Among the reasons why ALC has shown these benefits may be that:

  • ALC is a precursor (with choline) of acetylcholine, which the brain desperately needs.
  • ALC helps remove toxic waste products of fatty acid metabolism from mitochondria, allowing for more efficient energy production.
  • ALC may help to regenerate cholinergic neurons, i.e., nerve cells whose signals are transmitted by acetylcholine, by stimulating the production of a protein called nerve growth factor.
  • ALC may be able to inhibit apoptosis (programmed cell death) of cerebral nerve cells.

In addition to its mood-enhancing and cognitive function-enhancing abilities, ALC has been shown to have neuroprotective effects. In patients with cerebrovascular disease, it reportedly improves blood flow in the brain. Peripheral nerve function is improved as well, especially in diabetes, for which there is evidence that ALC helps inhibit various peripheral neuropathies. And ALC has been reported to increase sperm motility in men whose sperm shows substandard performance, thus increasing the chances of conception.

If Peyronie's disease afflicts anyone you know, be sure to tell him about acetyl L-carnitine, the nutrient that may be able to help straighten things out.
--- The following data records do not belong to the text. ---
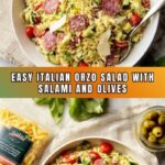 - Combine Salad Ingredients: In a large salad bowl, add the cooled orzo along with the prepared vegetables, salami, olives, Parmesan, and basil. Pour the dressing over the salad and toss thoroughly until everything is evenly coated. Adjust salt and pepper to taste.
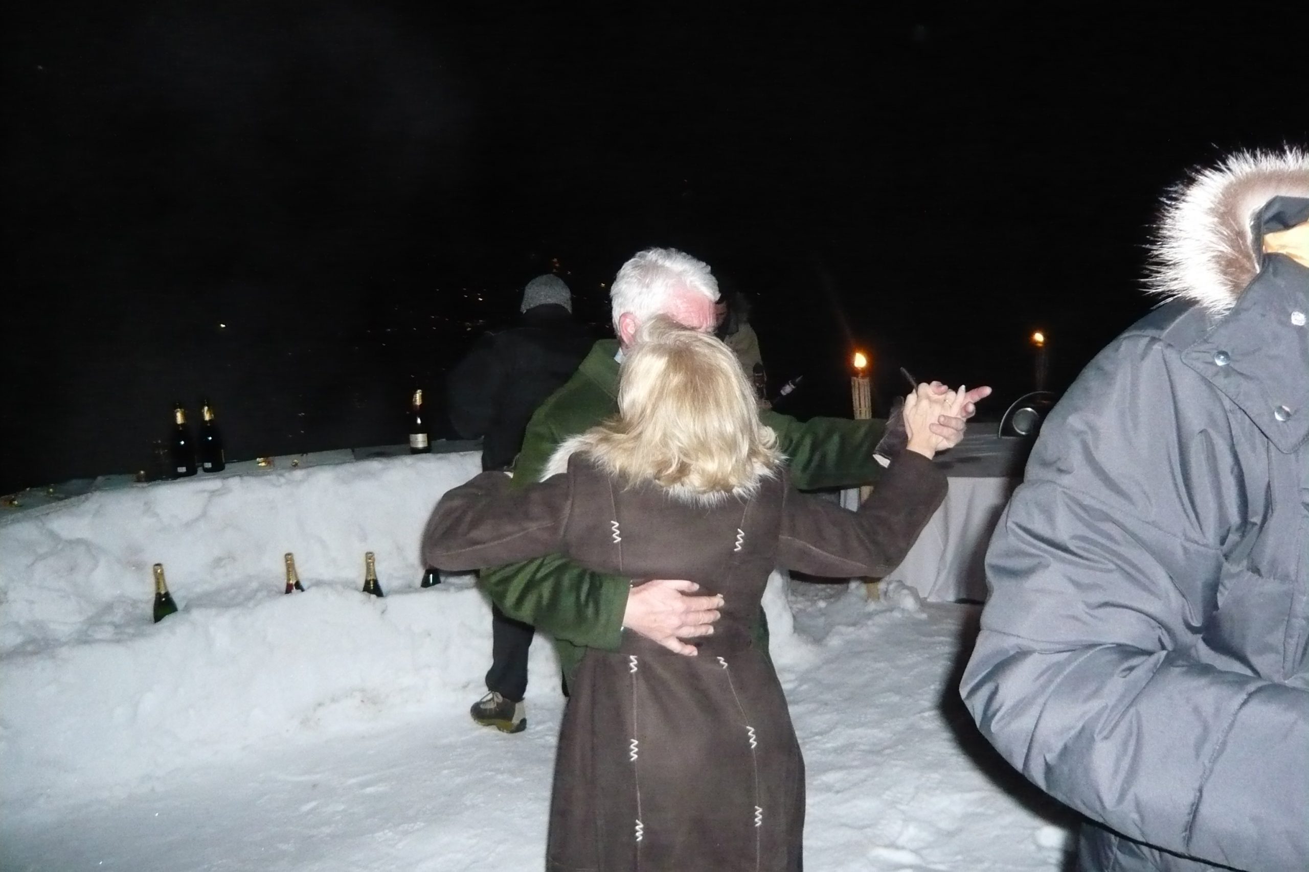 Zum Jahreswechsel waren wir von Markus Buchner und Evelyn in ihr wunderbares Anwesen oberhalb von Kitzbühel zur Silvesterfeier eingeladen. Mit zunächst getrennten Gruppen von zwölf Honoratioren und einer gleichen Anzahl von Junioren - Max und Michaela Buchner und deren Freunde - genossen wir schöne und köstliche Abendessen in unterschiedlichen Teilen des großen Hauses. Kurz vor Mitternacht ging es dann an die frische Luft und wir trafen uns an der von den Jungen erstellten Eisbar. Dort gab es nicht nur passende Drinks zum Anstossen, sondern auch gute Musik für ein Tänzchen in Ehren, um das neue Jahr zu begrüßen. Von Buchners Haus aus hatte man einen herrlichen Blick über das Kitzbüheler Tal. Bei schönem Wetter reicht dieser vom Kaiser im Norden über den Hahnenkamm bis zum im Süden gelegenen Pass Thurn hinter Jochberg. Der Abend war grandios und wir hatten viel Spaß und wurden von Hans-Georg genial bekocht. Über Nacht waren wir bei Eva & Thomas Hellmann in Jochberg zu Gast, mit denen wir nach einem gemütlichen Neujahrsspaziergang noch zum Mittagessen beim Hallerwirt in Aurach waren, bevor es dann wieder zurück nach München ging. Bereits am 5. Januar waren wir für unser Treffen mit Michel Perraudin und seiner Frau im Golf Club Restaurant des Hotel Arosa - bei dem wir damals das Märklin Angebot final verhandelten - wieder zurück in Kitzbühel.
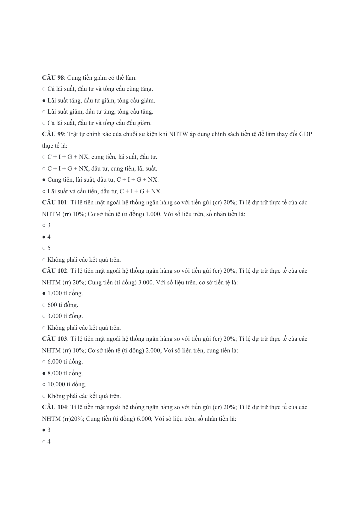 CÂU 103: Tỉ lệ tiền mặt ngoài hệ thống ngân hàng so với tiền gửi (cr) 20%; Tỉ lệ dự trữ thực tế của các

  1. Hauck EW, Weidner W. François de la Peyronie and the disease named after him. Lancet 2001 Jun 23;357:2049-51.
  2. Biagiotti G, Cavallini G. Acetyl-L-carnitine vs. tamoxifen in the oral therapy of Peyronie's disease: a preliminary report. BJU Int 2001;88:63-7.
  3. Sahelian R. Mind Boosters: A Guide to Natural Supplements That Enhance Your Mind, Memory, and Mood. St. Martin's Griffin, New York, 2000.
  4. PDR for Nutritional Supplements. Medical Economics Company, Inc., Montvale, NJ, 2001.
  5. Pettegrew JW, Klunke WE, Panchalingam K. Clinical and neurochemical effects of acetyl-L-carnitine in Alzheimer's disease. Neurobiol Aging 1995;16:1-4.